Even the most innovative entrepreneurs feel “stuck” sometimes when solving business problems. Many small business owners who need some outside inspiration go to business events and mingle with other entrepreneurs, but that can backfire when you’re feeling uncreative. Between all of the networking and hyperactive pitching, it’s possible to leave feeling drained instead of inspired.
So what do you do if you feel like you’ve fallen into a creative rut in your business? Sometimes, turning to unconventional sources of inspiration can help. Here are five ways to regain your creative mojo.
1. Attend an event outside of your industry
When your schedule is packed, it can be hard to break away from the day-to-day to attend a conference or trade show, let alone one outside of your field. But spending time with people in other industries can be a good way to immerse yourself in new ideas you aren’t likely to hear about from colleagues in your own field.
At least once a year, and preferably two or three, make time to attend an event for professionals in a field outside of your own. If you’re in a traditional brick-and-mortar industry like real estate, head to an event for pros involved in artificial intelligence or automation. Run your own accounting business or a small law office? Pop into a trade show where you can immerse yourself in the latest fancy foods, tech gadgets, or fitness trends. The list of possibilities is endless, so pick one that seems interesting to you personally. The event doesn’t have to be more than an hour to expose you to new ideas.
By paying attention to how people in other fields are solving problems and challenges in front of them — or solving problems for their customers — you’ll get some fresh ideas on how to move your business forward. You may also meet some new potential clients you wouldn’t ordinarily encounter. (See also: 11 Ways Freelancers and Telecommuters Can Make Friends and Network)
2. Immerse yourself in the arts
Reconnecting with your imagination by enjoying art, music, or theater can be a fantastic way to spark new solutions to your most vexing business problems — or help you come up with new products. One business owner told me that playing piano and visiting art galleries gave him inspiration when designing technology involved in streaming music, for instance. My hairstylist recently told me he gets his creative juices flowing sculpting and cooking.
3. Learn a new discipline
It’s tempting when you feel “stuck” in your business to hunker down at your desk, but that can be counterproductive and tiring. Reboot your brain by doing a guided meditation (perhaps using an app like Headspace), trying a new yoga class, or signing up for a martial arts class. All of these activities will push you out of familiar patterns of thinking.

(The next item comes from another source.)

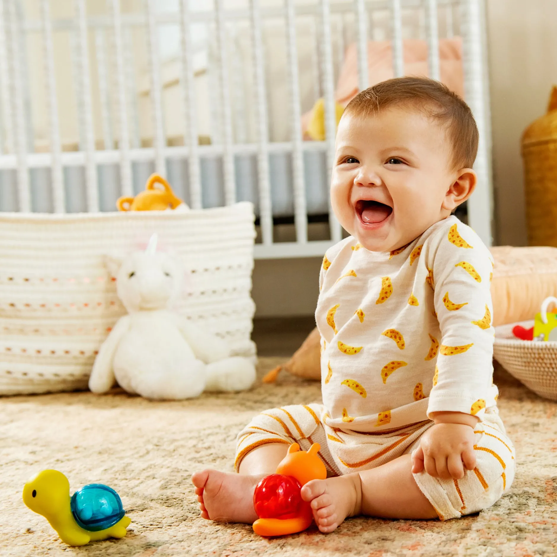 Amusants pour tous les âges, ces hochets constituent un excellent jouet pour le premier bain et permettent à bébé de s’amuser grâce aux sons, aux couleurs et aux textures.
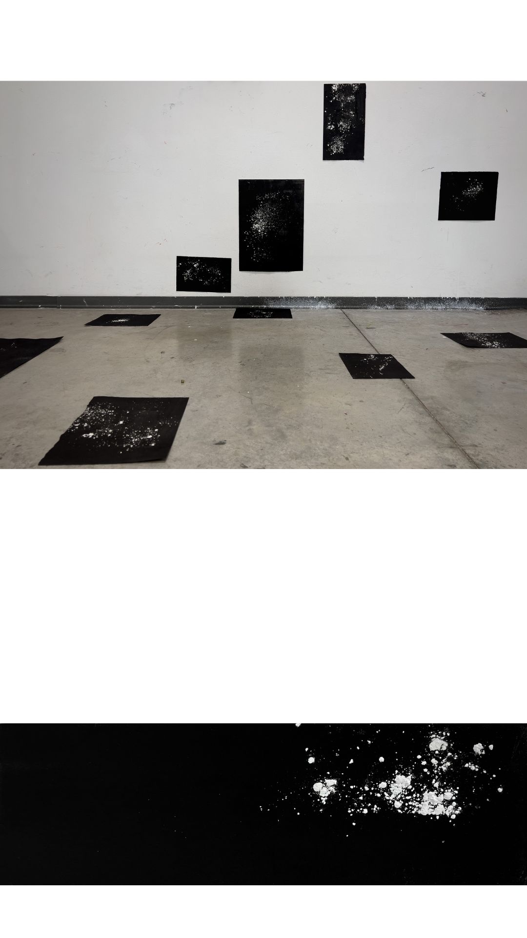 Nella stanza l’allestimento site-specific “Ombra del tempo”: monotipi realizzati tramite calcografia e cianotipia e detriti a pavimento. In questo contesto siamo all’estremo del tempo, ogni cosa che è esistita ha perso interamente la propria fisicità e ciò che ne rimane è solo un’ombra. Si tratta dell’ombra del tempo: tutta la materia è solo polvere, puntini di luce dispersi nel buio. Monotipi e detriti, insieme alle tracce di umidità e all’intonaco staccato delle pareti della stanza, creeranno così un luogo di riflessione su quanto realmente le orme dell’umanità, i segni a cui tanto teniamo del nostro passaggio sulla Terra, non siano che polvere in un universo incomprensibile.

Ideally, pick an activity that requires so much focus and concentration you can’t think about anything else. For me, hot yoga does the trick. I sometimes wonder whether I should take the time out of my day to drive to the studio, given how long my to-do list is, but after I’ve spent an hour in a 100-degree room doing downward dogs, my mind is completely clear. Often, I find that the answers to work-related challenges pop into my head on my ride home from the yoga studio — or I realize that a problem that was worrying me isn’t as big of a deal as I thought and simply cross it off my “list.”
4. Go back to school
Even if you don’t have time to sit in a classroom, there are plenty of opportunities to take self-paced classes these days through online platforms such as edX and Coursera. Instead of taking the practical approach and taking a business course, consider studying a subject that interests you outside of your business. edX, for instance, offers classes such as the History of Chinese Architecture, Making Government Work in Hard Places, and The Science of Happiness. Studying almost any new subject will bring fresh ideas into your mind — and by extension, into your business. (See also: 10 Classes That Can Pay for Themselves)
5. Reconnect with your childhood
If there are kids in your life — whether they are your own or those of a friend who would appreciate some free baby-sitting — spend a couple of hours playing with them. Go to a park and let them dictate what you play, or bring over some crafts supplies or materials for a science experiment and put them in charge. Experiencing how they think, experiment, and solve problems will get you out of the “adult” mindset of doing everything efficiently and aiming for results. The more you can connect with the childlike side of yourself, the more willing you’ll be to try new, possibly messy, approaches at work. That’s a good recipe for getting unstuck.